You want to hear more? she asked him, turning in her seat and pulling her legs up beneath her, straightening her skirt around her knees.

Yes, he said.

Well then, she said. When I was seven I fell in the water by the harbour and a man had to jump in and rescue me.

Really? he said. What happened? How long were you in the water for?

Oh, not very long, she said, smiling, looking pleased with herself. I don't think I was in any danger; they didn't have to give me the kiss of life or any of that. But it was a big upset all the same; I near choked myself with crying until my mam told me to stop making a scene. He leant forward, fascinated.

But how did you fall in? he asked her. Was it cold?

I don't know really, she said. I was just standing there waiting for Ma and Da to come back from doing something and next I knew I was in the water. Aye, course it was cold, she added, rolling her eyes and crooking the arch of her eyebrow at him. Was it cold, she repeated, laughing. I remember hearing a ship's hooter out at the harbour mouth, she said, so l must have turned to look and just slipped in. This man was in something fast though — felt like he was there by the time I came back up above the water almost. And he just grabbed me by the neck and pulled me over to the side, and he said don't worry love you'll be fine, or something the likes of, and I couldn't see him, I could only feel his great big hands on my neck, and I could see all the lights from the harbour front shining off the black water, and the cranes along the jetties further off, and the ship that had blown its hooter still out by the mouth, and when he got me over to the wall there were all these faces looking down at me — my ma and da, some other people I didn't know — and they were all talking at once and reaching down towards me and it felt like they were miles away.
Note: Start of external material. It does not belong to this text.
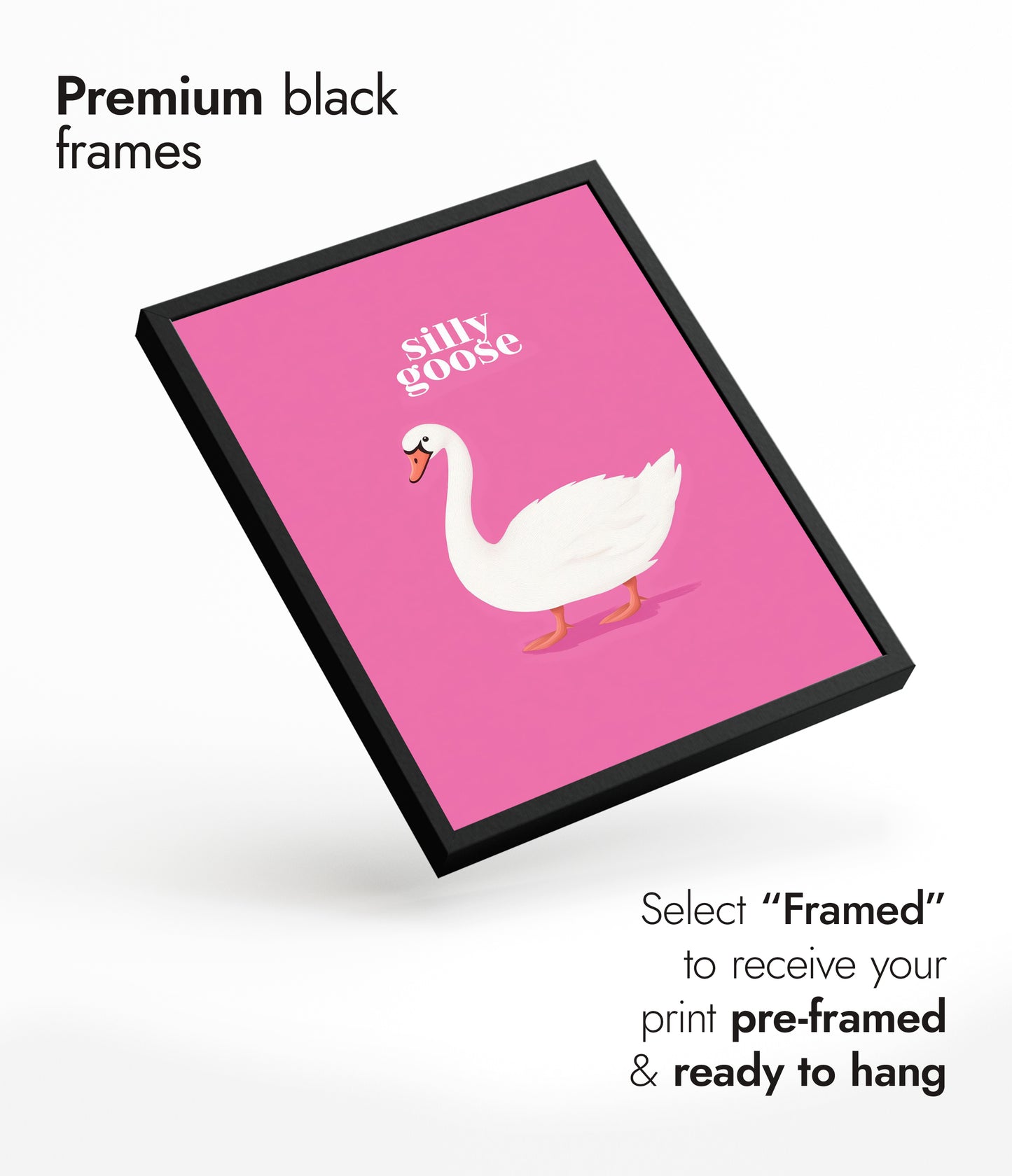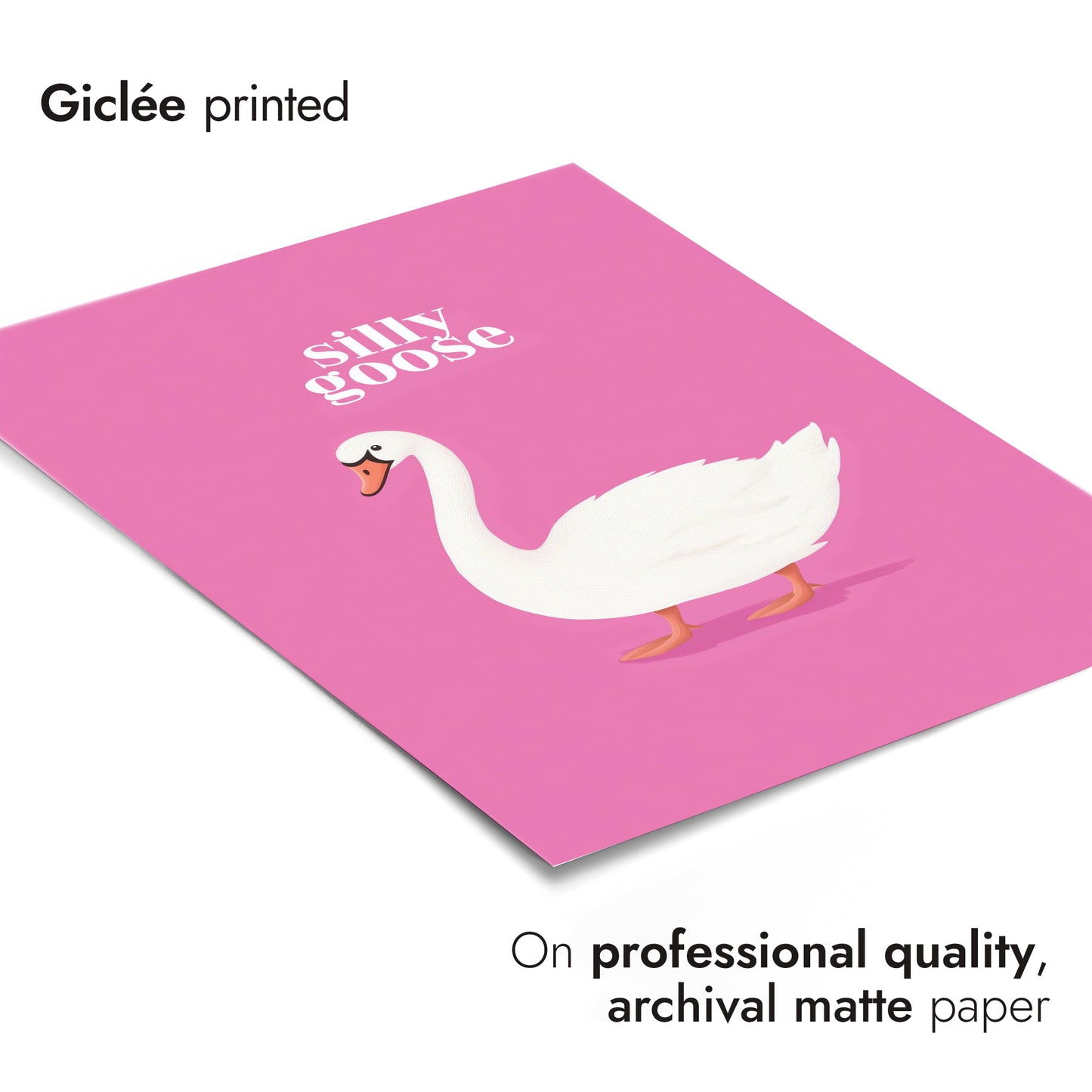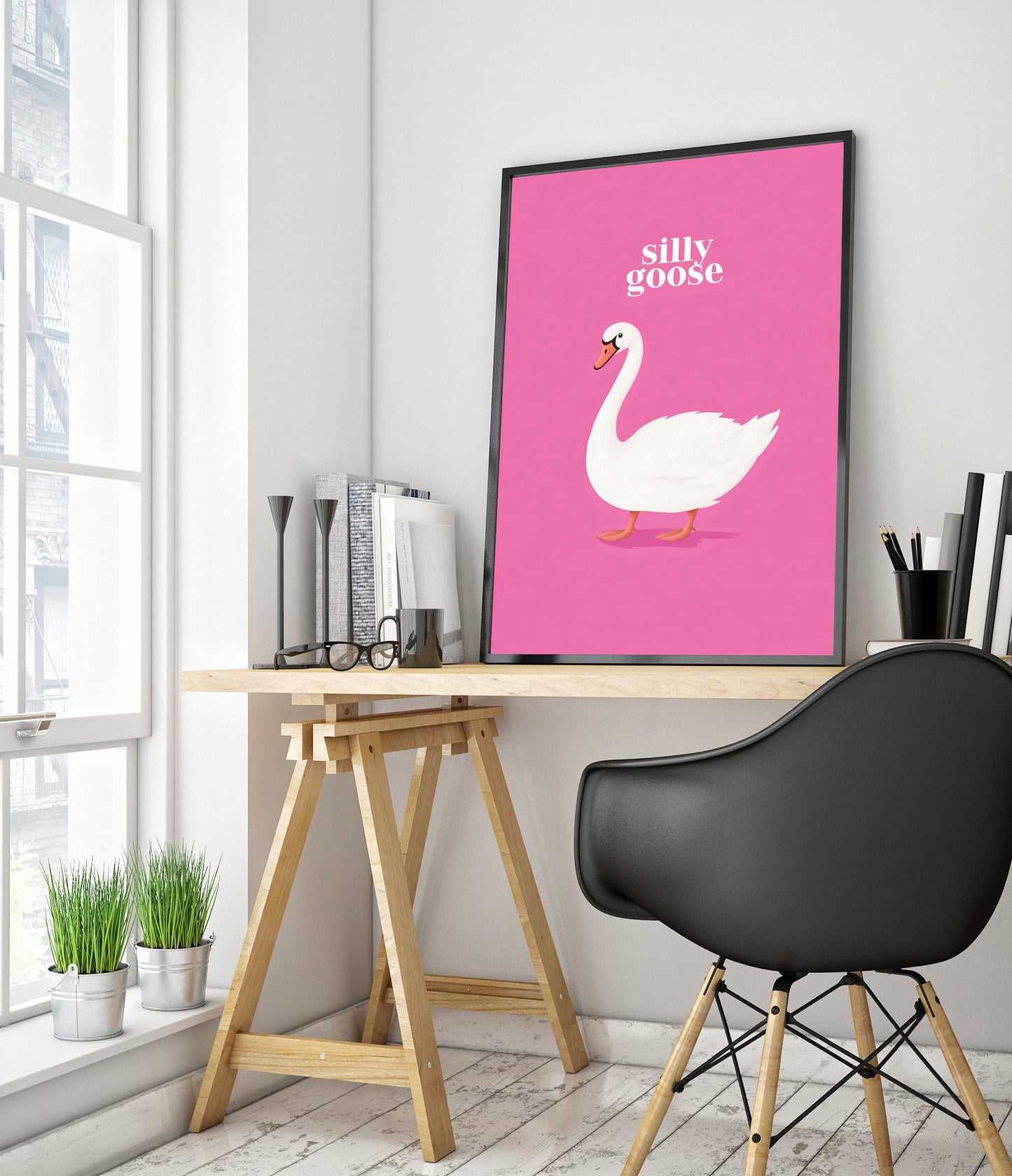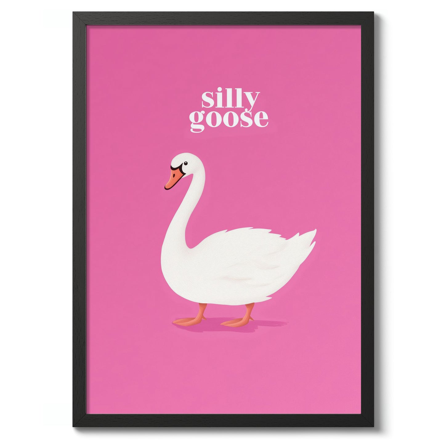 Featuring a whimsical goose with a cheeky, cartoonish expression, the "Silly Goose" poster is set against a vibrant pink background. The playful typography adds a humorous touch, making it an ideal choice for livening up any space with a splash of humor and charm. Perfect for those who appreciate typographic and graphic art styles.

It was only once they'd hauled me out and I was stood there with them all looking at me and someone asked if I was alright that I started crying my eyes out. She spoke quickly and breathlessly, her hands fluttering around her mouth, or sweeping her hair back behind her ears, or smoothing down the hem of her skirt.

He watched her talking, the room suddenly bright and loud with it, and when she'd finished he said but Eleanor, what if that man hadn't been there? What if he hadn't seen you?

Aye, she said, I know. She reached out and ran her finger along the back of his hand, a little out of breath. But he was, she said. And he did. So it's okay.

He leant forward again and kissed her cheek, touching the corner of her jaw with two fingers as he did so, running his fingers across her face as he pulled away, nudging the tip of one finger between her lips. She kissed his finger, and he drew it back, and they both dropped their eyes, looking across the floor, looking around the darkened room, waiting.

She looked up at him again. Do you want to go upstairs? she said.

It was a small room. There were two beds, one along the end wall and one under the window, opposite the door. There was a chest of drawers and a wardrobe next to the door, and a small wooden chair in the corner. Opposite the bed, there was a small table with an oval mirror hanging above it, cluttered with make-up and hairbands and books, folders and files and notes for her Highers revision, an underlined timetable of exam dates pinned to the wall, a stack of seven-inch records against a record player.